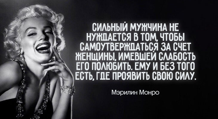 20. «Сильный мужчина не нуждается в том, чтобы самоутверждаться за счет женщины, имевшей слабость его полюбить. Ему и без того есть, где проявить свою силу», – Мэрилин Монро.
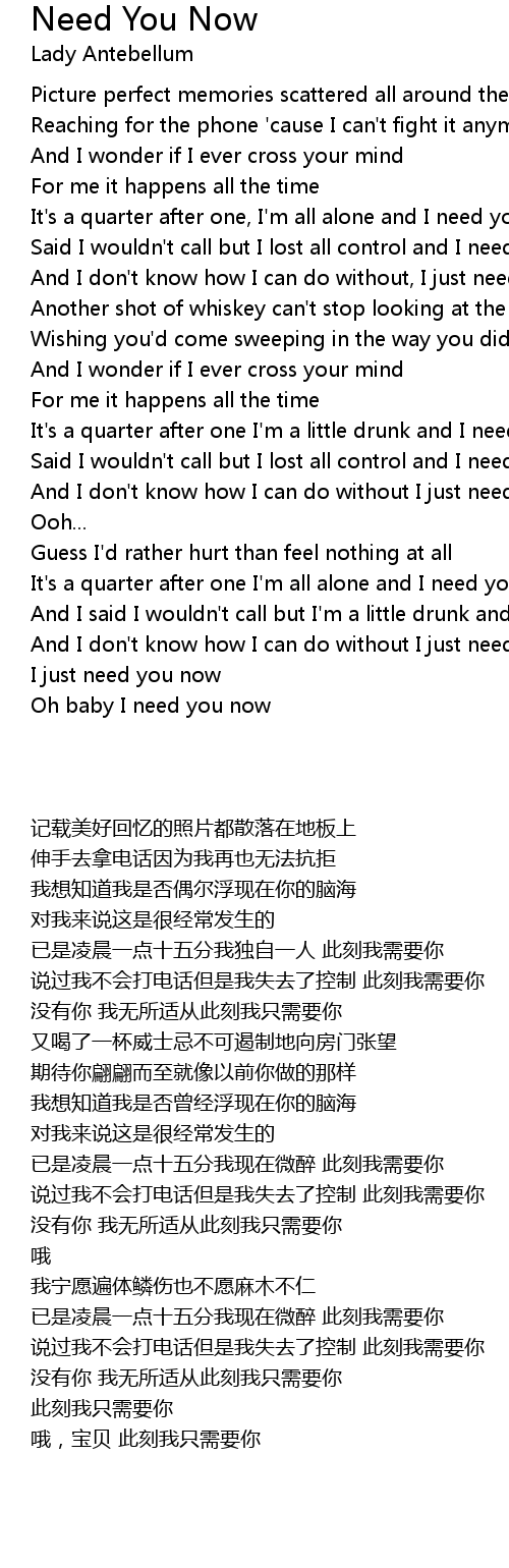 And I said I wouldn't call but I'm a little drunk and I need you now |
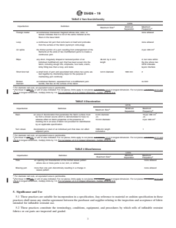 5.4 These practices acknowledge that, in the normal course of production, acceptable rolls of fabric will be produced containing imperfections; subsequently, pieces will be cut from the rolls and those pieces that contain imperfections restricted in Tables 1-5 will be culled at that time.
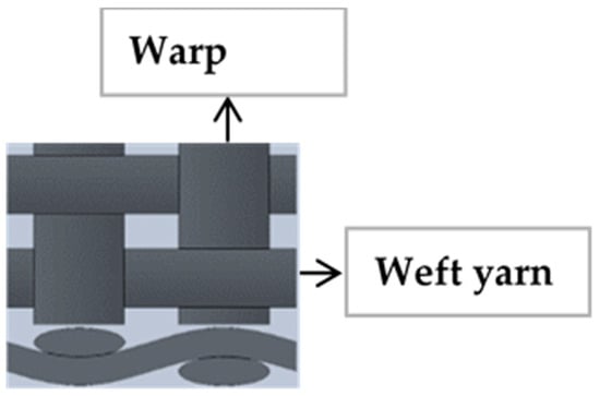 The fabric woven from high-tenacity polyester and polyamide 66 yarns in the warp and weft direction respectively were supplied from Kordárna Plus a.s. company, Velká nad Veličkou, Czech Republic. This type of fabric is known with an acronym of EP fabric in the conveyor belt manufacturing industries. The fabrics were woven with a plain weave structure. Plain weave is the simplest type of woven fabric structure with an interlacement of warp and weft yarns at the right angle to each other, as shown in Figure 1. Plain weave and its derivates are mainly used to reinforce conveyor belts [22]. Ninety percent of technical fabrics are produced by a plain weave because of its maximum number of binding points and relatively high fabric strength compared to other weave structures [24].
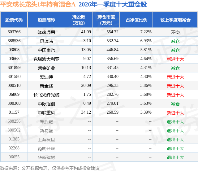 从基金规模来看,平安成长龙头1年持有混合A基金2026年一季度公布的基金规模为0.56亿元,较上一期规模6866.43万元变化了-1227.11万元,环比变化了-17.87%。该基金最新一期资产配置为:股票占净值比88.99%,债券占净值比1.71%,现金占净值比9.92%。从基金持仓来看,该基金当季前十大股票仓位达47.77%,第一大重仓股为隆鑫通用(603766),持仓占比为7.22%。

______

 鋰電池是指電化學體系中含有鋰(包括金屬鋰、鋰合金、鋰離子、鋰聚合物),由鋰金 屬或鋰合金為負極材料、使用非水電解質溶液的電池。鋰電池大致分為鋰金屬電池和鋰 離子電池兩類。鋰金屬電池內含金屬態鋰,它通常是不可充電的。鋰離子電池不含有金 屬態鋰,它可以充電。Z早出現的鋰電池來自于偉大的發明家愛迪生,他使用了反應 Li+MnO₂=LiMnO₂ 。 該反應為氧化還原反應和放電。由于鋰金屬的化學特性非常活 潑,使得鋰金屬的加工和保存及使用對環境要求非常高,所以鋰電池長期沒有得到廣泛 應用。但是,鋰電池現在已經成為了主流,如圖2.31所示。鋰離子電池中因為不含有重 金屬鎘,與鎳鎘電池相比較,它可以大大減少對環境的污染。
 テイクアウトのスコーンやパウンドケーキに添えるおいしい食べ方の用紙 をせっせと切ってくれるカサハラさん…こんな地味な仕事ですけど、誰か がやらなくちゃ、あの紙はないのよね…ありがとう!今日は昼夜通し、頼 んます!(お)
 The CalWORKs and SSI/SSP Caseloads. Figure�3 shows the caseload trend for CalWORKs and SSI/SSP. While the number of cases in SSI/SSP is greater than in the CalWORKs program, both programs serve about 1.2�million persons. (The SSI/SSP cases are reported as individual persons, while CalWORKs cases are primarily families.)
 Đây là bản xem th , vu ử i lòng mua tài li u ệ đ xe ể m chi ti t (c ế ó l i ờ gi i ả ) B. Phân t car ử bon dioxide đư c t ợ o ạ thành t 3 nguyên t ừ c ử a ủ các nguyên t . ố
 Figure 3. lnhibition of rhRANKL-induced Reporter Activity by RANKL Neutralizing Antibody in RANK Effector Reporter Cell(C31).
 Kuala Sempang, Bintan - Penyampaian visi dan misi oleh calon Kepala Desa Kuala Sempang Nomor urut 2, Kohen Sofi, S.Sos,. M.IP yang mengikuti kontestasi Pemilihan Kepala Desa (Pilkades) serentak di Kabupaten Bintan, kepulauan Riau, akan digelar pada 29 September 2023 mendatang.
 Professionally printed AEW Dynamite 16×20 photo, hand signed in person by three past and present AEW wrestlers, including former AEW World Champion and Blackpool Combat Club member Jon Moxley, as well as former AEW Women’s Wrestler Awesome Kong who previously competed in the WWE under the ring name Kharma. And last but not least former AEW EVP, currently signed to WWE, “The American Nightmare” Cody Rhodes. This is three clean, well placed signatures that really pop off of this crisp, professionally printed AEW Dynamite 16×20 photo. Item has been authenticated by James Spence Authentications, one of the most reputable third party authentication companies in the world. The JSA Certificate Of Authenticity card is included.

______

=== Exercise prompt ===
Return exactly the stretch above whose first line contains "мужчина не нуждается" and whose last line contains "5.4 These practices", and nothing outside it. The pictures should not appear.

=== Task answer ===
 20. «Сильный мужчина не нуждается в том, чтобы самоутверждаться за счет женщины, имевшей слабость его полюбить. Ему и без того есть, где проявить свою силу», – Мэрилин Монро.
 And I said I wouldn't call but I'm a little drunk and I need you now |
 5.4 These practices acknowledge that, in the normal course of production, acceptable rolls of fabric will be produced containing imperfections; subsequently, pieces will be cut from the rolls and those pieces that contain imperfections restricted in Tables 1-5 will be culled at that time.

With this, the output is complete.